▶ **Prompt**
With the pictures left aside, write out the entries that follow exactly.

▶ **Information shown**
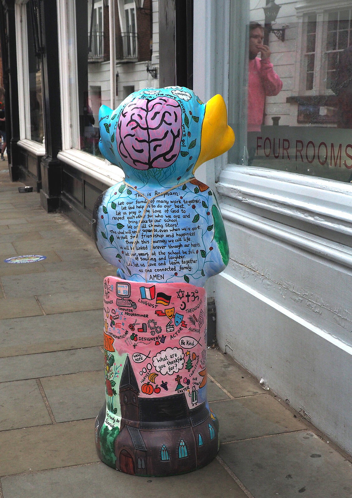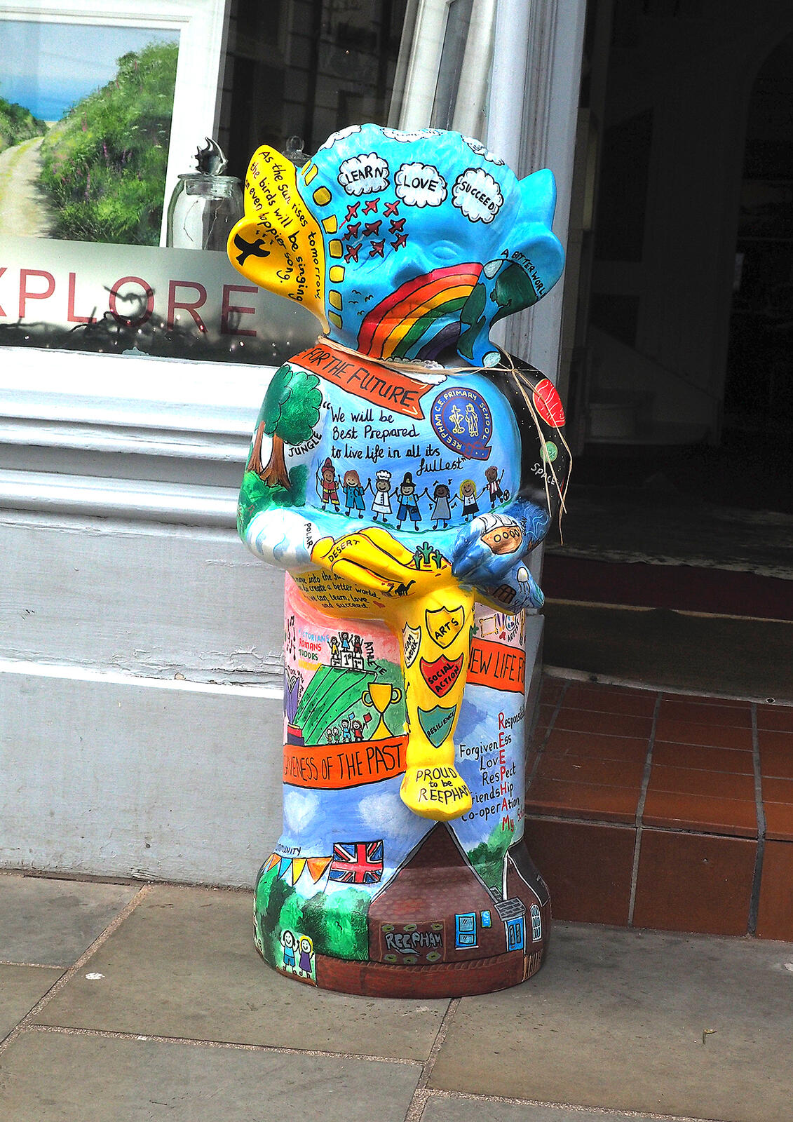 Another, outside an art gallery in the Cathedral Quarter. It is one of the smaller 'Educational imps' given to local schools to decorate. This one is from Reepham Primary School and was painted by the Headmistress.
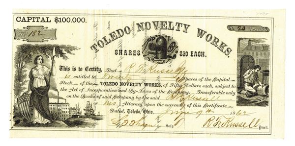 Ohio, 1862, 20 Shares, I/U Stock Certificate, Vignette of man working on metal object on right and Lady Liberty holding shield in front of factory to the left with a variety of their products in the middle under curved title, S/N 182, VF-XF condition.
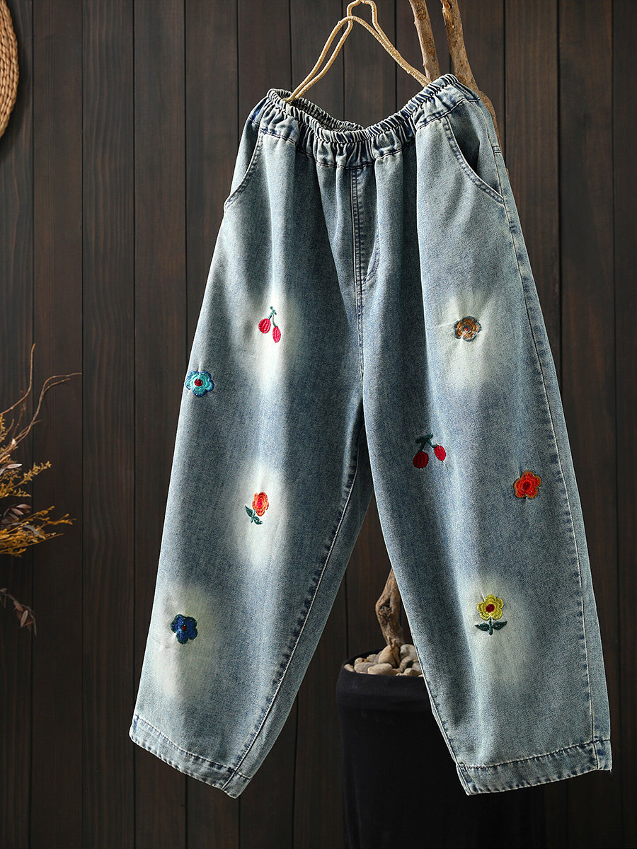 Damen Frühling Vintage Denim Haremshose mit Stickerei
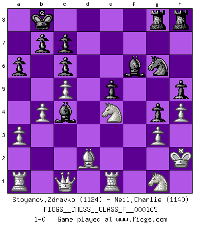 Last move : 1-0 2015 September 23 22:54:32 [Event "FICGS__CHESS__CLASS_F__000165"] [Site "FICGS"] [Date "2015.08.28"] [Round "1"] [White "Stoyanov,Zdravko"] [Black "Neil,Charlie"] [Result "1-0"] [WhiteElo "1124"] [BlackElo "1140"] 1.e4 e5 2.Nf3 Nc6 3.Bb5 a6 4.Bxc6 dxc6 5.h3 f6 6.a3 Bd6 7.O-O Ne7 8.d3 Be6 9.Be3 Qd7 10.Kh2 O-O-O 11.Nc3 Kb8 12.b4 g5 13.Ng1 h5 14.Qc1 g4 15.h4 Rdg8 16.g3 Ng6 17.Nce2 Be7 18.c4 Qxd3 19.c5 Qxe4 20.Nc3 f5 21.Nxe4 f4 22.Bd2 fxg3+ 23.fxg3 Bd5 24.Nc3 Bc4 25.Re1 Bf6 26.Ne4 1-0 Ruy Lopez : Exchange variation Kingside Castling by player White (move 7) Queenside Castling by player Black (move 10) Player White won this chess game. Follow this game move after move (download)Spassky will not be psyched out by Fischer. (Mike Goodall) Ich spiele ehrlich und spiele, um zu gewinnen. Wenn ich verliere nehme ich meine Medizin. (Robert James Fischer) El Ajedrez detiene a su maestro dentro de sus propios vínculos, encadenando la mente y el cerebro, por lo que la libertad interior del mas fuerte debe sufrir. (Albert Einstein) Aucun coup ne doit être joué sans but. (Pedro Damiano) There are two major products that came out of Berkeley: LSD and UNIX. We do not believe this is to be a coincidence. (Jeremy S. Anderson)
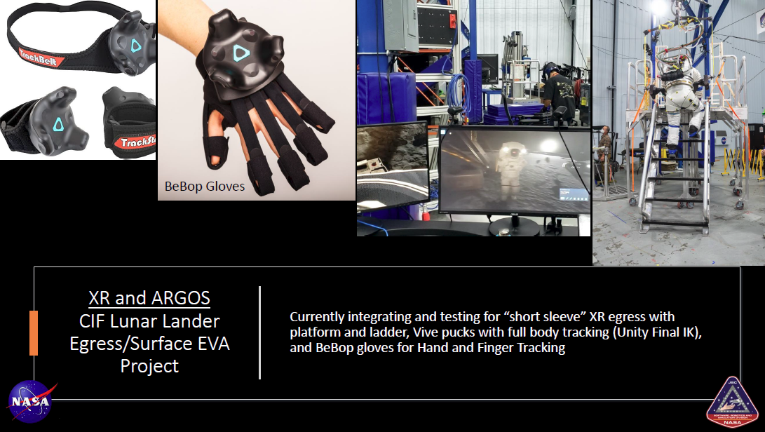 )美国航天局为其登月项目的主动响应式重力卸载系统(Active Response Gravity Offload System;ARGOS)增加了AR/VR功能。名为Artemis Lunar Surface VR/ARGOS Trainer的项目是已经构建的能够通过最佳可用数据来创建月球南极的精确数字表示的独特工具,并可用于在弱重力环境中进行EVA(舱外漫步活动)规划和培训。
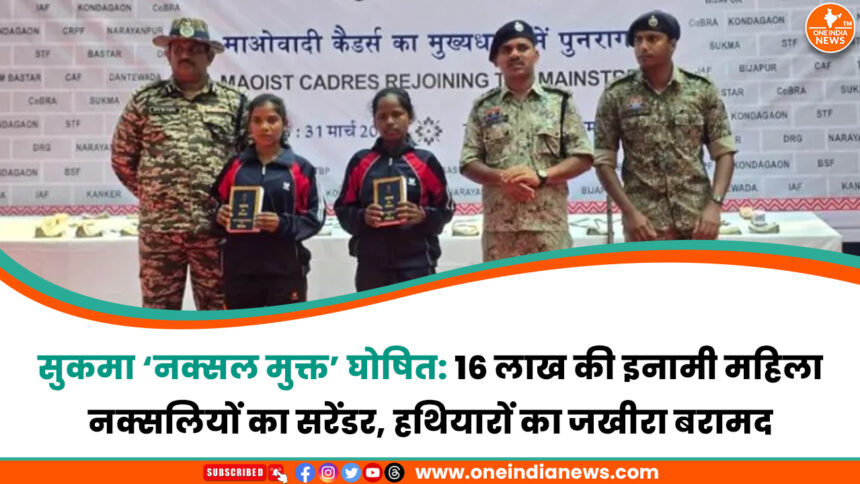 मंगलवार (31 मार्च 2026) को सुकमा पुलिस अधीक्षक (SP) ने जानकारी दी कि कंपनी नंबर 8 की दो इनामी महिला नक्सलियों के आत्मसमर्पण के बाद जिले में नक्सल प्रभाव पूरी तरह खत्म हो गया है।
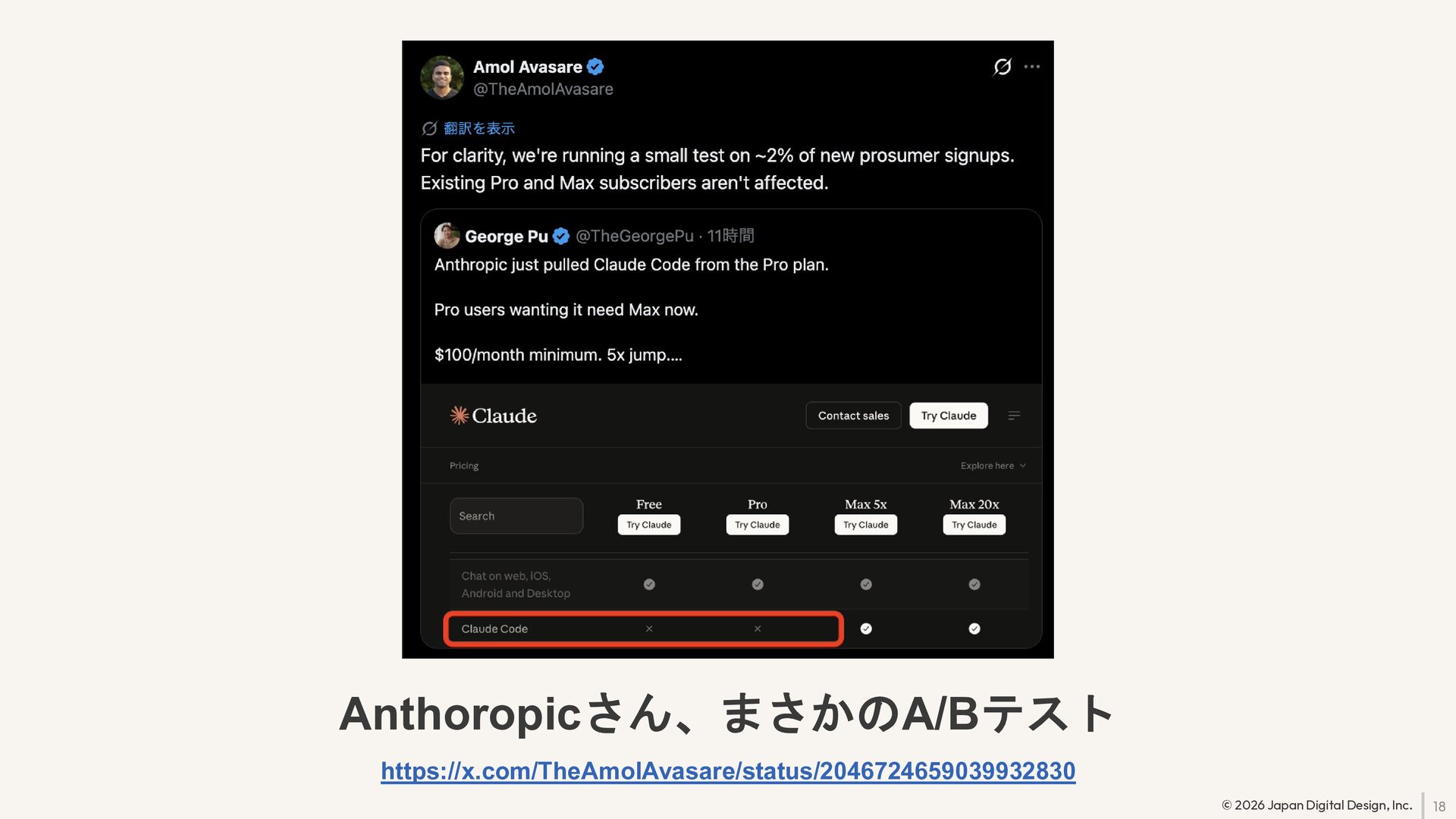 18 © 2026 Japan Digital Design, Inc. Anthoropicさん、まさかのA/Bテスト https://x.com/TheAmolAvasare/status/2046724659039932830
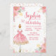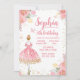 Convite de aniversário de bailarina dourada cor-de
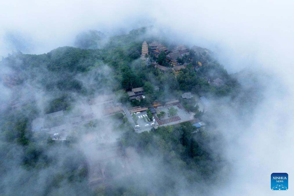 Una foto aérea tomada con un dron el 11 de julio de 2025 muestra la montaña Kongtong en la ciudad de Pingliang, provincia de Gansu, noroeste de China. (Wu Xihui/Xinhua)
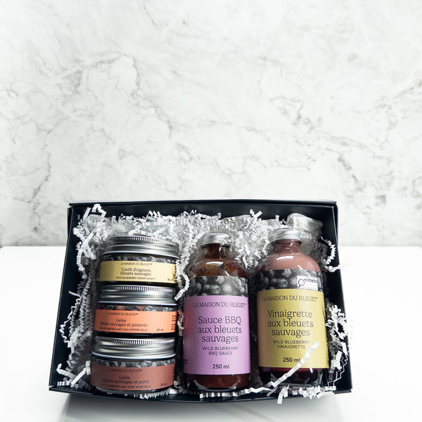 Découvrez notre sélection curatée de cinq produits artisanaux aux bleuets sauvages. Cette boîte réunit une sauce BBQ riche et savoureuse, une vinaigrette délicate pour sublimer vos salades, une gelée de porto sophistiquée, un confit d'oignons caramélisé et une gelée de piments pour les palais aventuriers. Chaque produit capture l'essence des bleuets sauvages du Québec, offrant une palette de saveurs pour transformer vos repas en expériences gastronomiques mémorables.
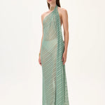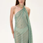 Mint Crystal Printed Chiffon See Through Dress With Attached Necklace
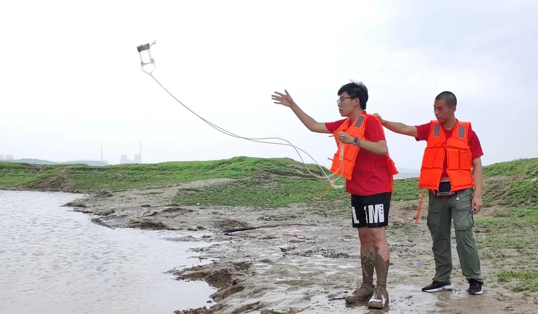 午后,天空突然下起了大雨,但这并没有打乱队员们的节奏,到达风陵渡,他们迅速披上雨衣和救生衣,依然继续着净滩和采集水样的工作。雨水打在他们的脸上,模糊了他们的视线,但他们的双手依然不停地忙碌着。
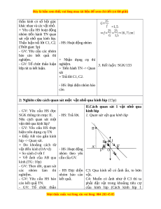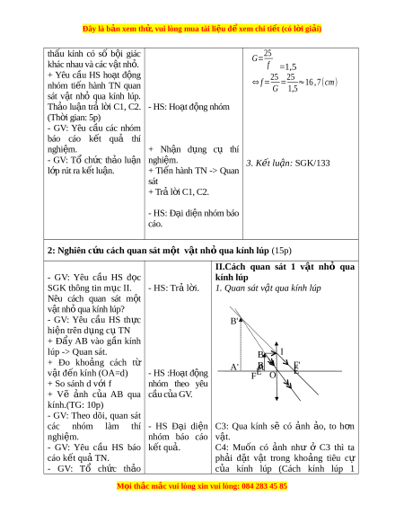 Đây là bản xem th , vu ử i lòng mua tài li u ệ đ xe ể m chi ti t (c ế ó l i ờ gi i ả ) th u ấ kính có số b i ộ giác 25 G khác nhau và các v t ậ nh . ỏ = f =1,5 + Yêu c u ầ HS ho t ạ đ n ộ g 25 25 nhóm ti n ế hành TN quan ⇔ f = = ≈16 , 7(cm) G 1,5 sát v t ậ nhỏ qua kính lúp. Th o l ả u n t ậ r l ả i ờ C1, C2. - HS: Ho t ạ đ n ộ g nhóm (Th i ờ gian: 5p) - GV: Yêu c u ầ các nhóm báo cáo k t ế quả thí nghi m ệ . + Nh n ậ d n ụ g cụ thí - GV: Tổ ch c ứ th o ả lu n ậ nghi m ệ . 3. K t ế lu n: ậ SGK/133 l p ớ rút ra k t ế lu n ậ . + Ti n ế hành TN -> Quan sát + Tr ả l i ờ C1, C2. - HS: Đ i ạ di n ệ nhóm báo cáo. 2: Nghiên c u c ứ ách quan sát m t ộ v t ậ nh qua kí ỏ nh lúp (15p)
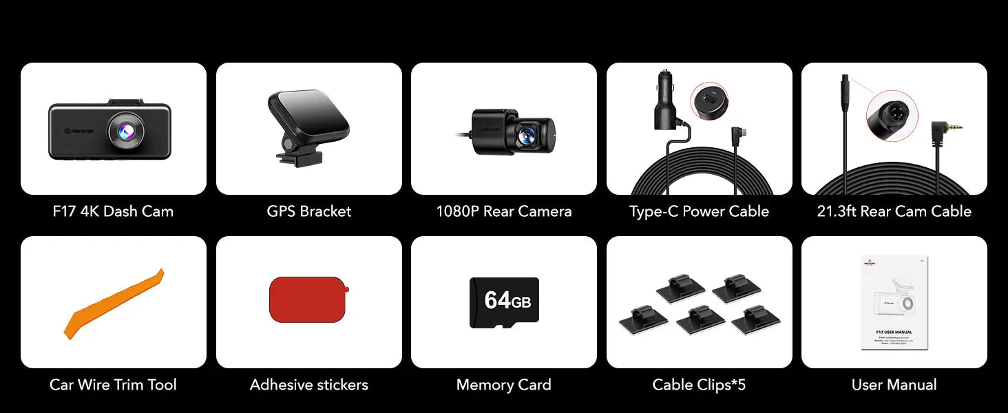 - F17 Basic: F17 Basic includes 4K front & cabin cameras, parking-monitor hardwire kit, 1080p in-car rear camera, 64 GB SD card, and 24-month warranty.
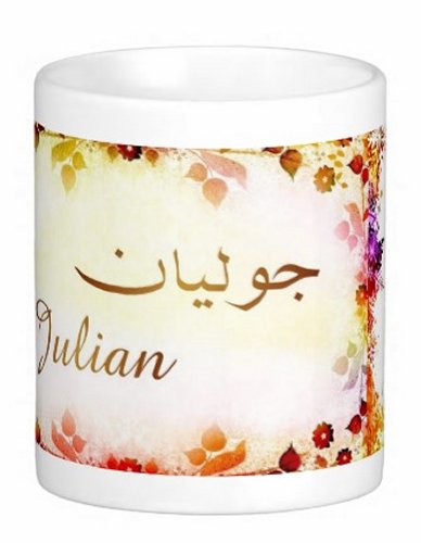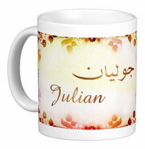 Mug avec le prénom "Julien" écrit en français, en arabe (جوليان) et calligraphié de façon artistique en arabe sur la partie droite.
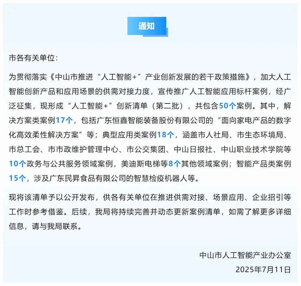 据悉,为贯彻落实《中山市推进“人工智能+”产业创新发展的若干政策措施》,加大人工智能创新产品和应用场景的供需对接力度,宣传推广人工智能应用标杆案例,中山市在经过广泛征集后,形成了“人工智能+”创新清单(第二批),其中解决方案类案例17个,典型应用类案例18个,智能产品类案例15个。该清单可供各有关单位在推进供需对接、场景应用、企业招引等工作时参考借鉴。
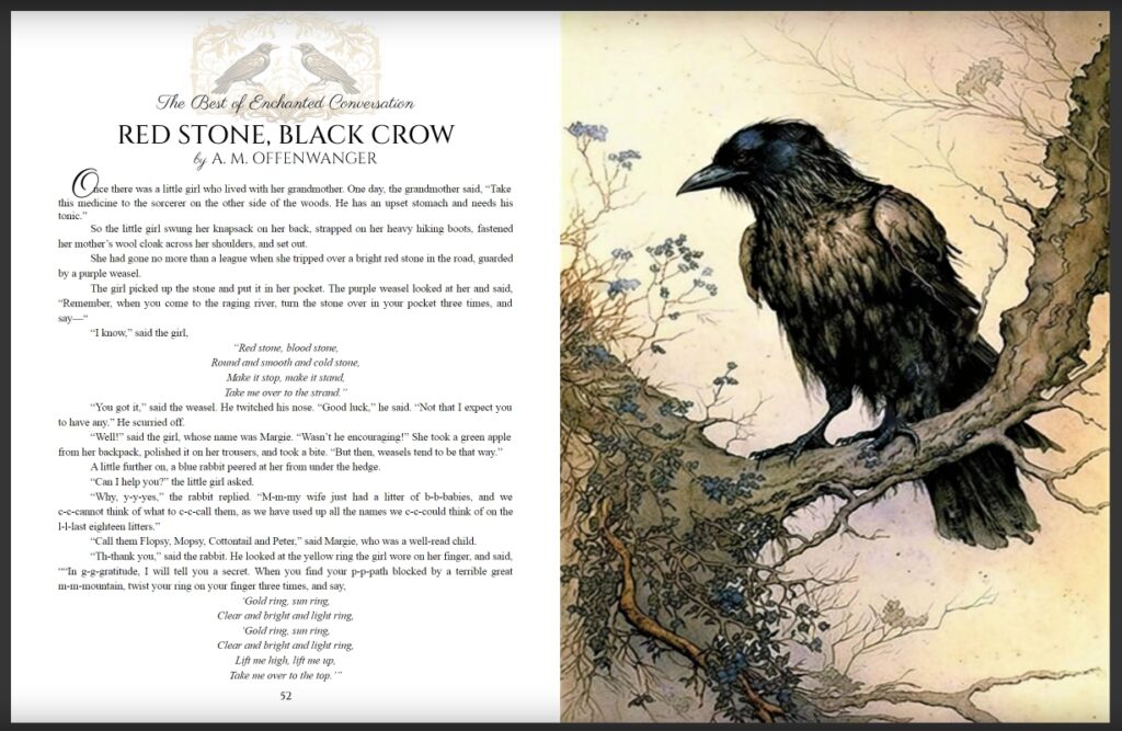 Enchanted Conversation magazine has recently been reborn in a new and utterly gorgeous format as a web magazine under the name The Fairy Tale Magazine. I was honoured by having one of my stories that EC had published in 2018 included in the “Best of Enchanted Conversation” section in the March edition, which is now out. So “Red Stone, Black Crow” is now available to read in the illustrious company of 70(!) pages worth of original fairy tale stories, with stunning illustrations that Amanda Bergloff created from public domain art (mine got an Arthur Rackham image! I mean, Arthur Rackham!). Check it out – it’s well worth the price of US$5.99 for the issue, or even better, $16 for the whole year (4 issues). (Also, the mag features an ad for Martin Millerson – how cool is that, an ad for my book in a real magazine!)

▶ **Solution to this exercise**
 Another, outside an art gallery in the Cathedral Quarter. It is one of the smaller 'Educational imps' given to local schools to decorate. This one is from Reepham Primary School and was painted by the Headmistress.
 Ohio, 1862, 20 Shares, I/U Stock Certificate, Vignette of man working on metal object on right and Lady Liberty holding shield in front of factory to the left with a variety of their products in the middle under curved title, S/N 182, VF-XF condition.
 Damen Frühling Vintage Denim Haremshose mit Stickerei
 Last move : 1-0 2015 September 23 22:54:32 [Event "FICGS__CHESS__CLASS_F__000165"] [Site "FICGS"] [Date "2015.08.28"] [Round "1"] [White "Stoyanov,Zdravko"] [Black "Neil,Charlie"] [Result "1-0"] [WhiteElo "1124"] [BlackElo "1140"] 1.e4 e5 2.Nf3 Nc6 3.Bb5 a6 4.Bxc6 dxc6 5.h3 f6 6.a3 Bd6 7.O-O Ne7 8.d3 Be6 9.Be3 Qd7 10.Kh2 O-O-O 11.Nc3 Kb8 12.b4 g5 13.Ng1 h5 14.Qc1 g4 15.h4 Rdg8 16.g3 Ng6 17.Nce2 Be7 18.c4 Qxd3 19.c5 Qxe4 20.Nc3 f5 21.Nxe4 f4 22.Bd2 fxg3+ 23.fxg3 Bd5 24.Nc3 Bc4 25.Re1 Bf6 26.Ne4 1-0 Ruy Lopez : Exchange variation Kingside Castling by player White (move 7) Queenside Castling by player Black (move 10) Player White won this chess game. Follow this game move after move (download)Spassky will not be psyched out by Fischer. (Mike Goodall) Ich spiele ehrlich und spiele, um zu gewinnen. Wenn ich verliere nehme ich meine Medizin. (Robert James Fischer) El Ajedrez detiene a su maestro dentro de sus propios vínculos, encadenando la mente y el cerebro, por lo que la libertad interior del mas fuerte debe sufrir. (Albert Einstein) Aucun coup ne doit être joué sans but. (Pedro Damiano) There are two major products that came out of Berkeley: LSD and UNIX. We do not believe this is to be a coincidence. (Jeremy S. Anderson)
 )美国航天局为其登月项目的主动响应式重力卸载系统(Active Response Gravity Offload System;ARGOS)增加了AR/VR功能。名为Artemis Lunar Surface VR/ARGOS Trainer的项目是已经构建的能够通过最佳可用数据来创建月球南极的精确数字表示的独特工具,并可用于在弱重力环境中进行EVA(舱外漫步活动)规划和培训。
 मंगलवार (31 मार्च 2026) को सुकमा पुलिस अधीक्षक (SP) ने जानकारी दी कि कंपनी नंबर 8 की दो इनामी महिला नक्सलियों के आत्मसमर्पण के बाद जिले में नक्सल प्रभाव पूरी तरह खत्म हो गया है।
 18 © 2026 Japan Digital Design, Inc. Anthoropicさん、まさかのA/Bテスト https://x.com/TheAmolAvasare/status/2046724659039932830
 Convite de aniversário de bailarina dourada cor-de
 Una foto aérea tomada con un dron el 11 de julio de 2025 muestra la montaña Kongtong en la ciudad de Pingliang, provincia de Gansu, noroeste de China. (Wu Xihui/Xinhua)
 Découvrez notre sélection curatée de cinq produits artisanaux aux bleuets sauvages. Cette boîte réunit une sauce BBQ riche et savoureuse, une vinaigrette délicate pour sublimer vos salades, une gelée de porto sophistiquée, un confit d'oignons caramélisé et une gelée de piments pour les palais aventuriers. Chaque produit capture l'essence des bleuets sauvages du Québec, offrant une palette de saveurs pour transformer vos repas en expériences gastronomiques mémorables.
 Mint Crystal Printed Chiffon See Through Dress With Attached Necklace
 午后,天空突然下起了大雨,但这并没有打乱队员们的节奏,到达风陵渡,他们迅速披上雨衣和救生衣,依然继续着净滩和采集水样的工作。雨水打在他们的脸上,模糊了他们的视线,但他们的双手依然不停地忙碌着。
 Đây là bản xem th , vu ử i lòng mua tài li u ệ đ xe ể m chi ti t (c ế ó l i ờ gi i ả ) th u ấ kính có số b i ộ giác 25 G khác nhau và các v t ậ nh . ỏ = f =1,5 + Yêu c u ầ HS ho t ạ đ n ộ g 25 25 nhóm ti n ế hành TN quan ⇔ f = = ≈16 , 7(cm) G 1,5 sát v t ậ nhỏ qua kính lúp. Th o l ả u n t ậ r l ả i ờ C1, C2. - HS: Ho t ạ đ n ộ g nhóm (Th i ờ gian: 5p) - GV: Yêu c u ầ các nhóm báo cáo k t ế quả thí nghi m ệ . + Nh n ậ d n ụ g cụ thí - GV: Tổ ch c ứ th o ả lu n ậ nghi m ệ . 3. K t ế lu n: ậ SGK/133 l p ớ rút ra k t ế lu n ậ . + Ti n ế hành TN -> Quan sát + Tr ả l i ờ C1, C2. - HS: Đ i ạ di n ệ nhóm báo cáo. 2: Nghiên c u c ứ ách quan sát m t ộ v t ậ nh qua kí ỏ nh lúp (15p)
 - F17 Basic: F17 Basic includes 4K front & cabin cameras, parking-monitor hardwire kit, 1080p in-car rear camera, 64 GB SD card, and 24-month warranty.
 Mug avec le prénom "Julien" écrit en français, en arabe (جوليان) et calligraphié de façon artistique en arabe sur la partie droite.
 据悉,为贯彻落实《中山市推进“人工智能+”产业创新发展的若干政策措施》,加大人工智能创新产品和应用场景的供需对接力度,宣传推广人工智能应用标杆案例,中山市在经过广泛征集后,形成了“人工智能+”创新清单(第二批),其中解决方案类案例17个,典型应用类案例18个,智能产品类案例15个。该清单可供各有关单位在推进供需对接、场景应用、企业招引等工作时参考借鉴。
 Enchanted Conversation magazine has recently been reborn in a new and utterly gorgeous format as a web magazine under the name The Fairy Tale Magazine. I was honoured by having one of my stories that EC had published in 2018 included in the “Best of Enchanted Conversation” section in the March edition, which is now out. So “Red Stone, Black Crow” is now available to read in the illustrious company of 70(!) pages worth of original fairy tale stories, with stunning illustrations that Amanda Bergloff created from public domain art (mine got an Arthur Rackham image! I mean, Arthur Rackham!). Check it out – it’s well worth the price of US$5.99 for the issue, or even better, $16 for the whole year (4 issues). (Also, the mag features an ad for Martin Millerson – how cool is that, an ad for my book in a real magazine!)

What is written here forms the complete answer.